Training evaluation:
 ------------
Accuracy: 0.87322
Precision: 0.86305
Recall: 0.87579
F1: 0.86780


#### Cohen-Kappa score

**Cohen’s kappa** statistic measures **_interrater reliability_** which is more robust than a simple percent agreement calculation.

In simple words, it will show us a level of agreement between the labels predicted by the classifier and the actual labels.

In [23]:
p = predictions.tolist()
ck = cohen_kappa_score(y_test, p)
print('C-K Score: {:.5f}'.format(ck))

C-K Score: 0.73606


#### It's time for a tiny test!

In [24]:
example_reviews = ['An honest, engaging, and surprisingly funny look back at one of modern television\'s greatest achievements.',
          'Excellent movie! Inspiring and very entertaining for all especially youth and anyone inspired by today\'s modern age of tech entrepreneurship!',
          'Honestly even the trailer made me uncomfortable.',
          'I never write movie reviews, but this one was such a stinker, I feel I owe it to everyone to at least provide a warning.',
          'This movie was a good movie by standard and a lil beyond standard. It was written very well, The acting was great, each characters performance was clever and the comedic timing was spot on. The story line is very real and relatable. Enjoyable for adults and completely appropriate for pre-teens up to 20. Go support, my family loved it.']

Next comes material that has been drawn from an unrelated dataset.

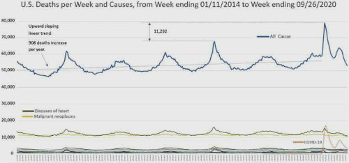 Essentiellement, il y a un nombre approximatif de décès chaque année dus à diverses causes qui, pour la plupart, sont restées constantes au fil des ans. Cela inclut des comorbidités telles que les maladies cardiovasculaires, qui ont longtemps été la principale cause de décès, et le cancer, qui a longtemps été un fléau pour notre existence. Pour que le Covid-19 soit une cause d’inquiétude sérieuse, il faudrait que le nombre de décès moyens augmente de manière significative.

As one can tell, **_first_**, **_second_** and **_fifth_** reviews in **_example_reviews_** are **_positive_** while **_third_** and **_fourth_** reviews are **_negative_**. _Let's see what classifier predicts!_

In [25]:
example_preds = clf.predict(vectorizer.transform(example_reviews))
print(' '.join(str(int(p)) for p in example_preds))

1 1 0 0 1


**Perfect**, Classifier also says the same!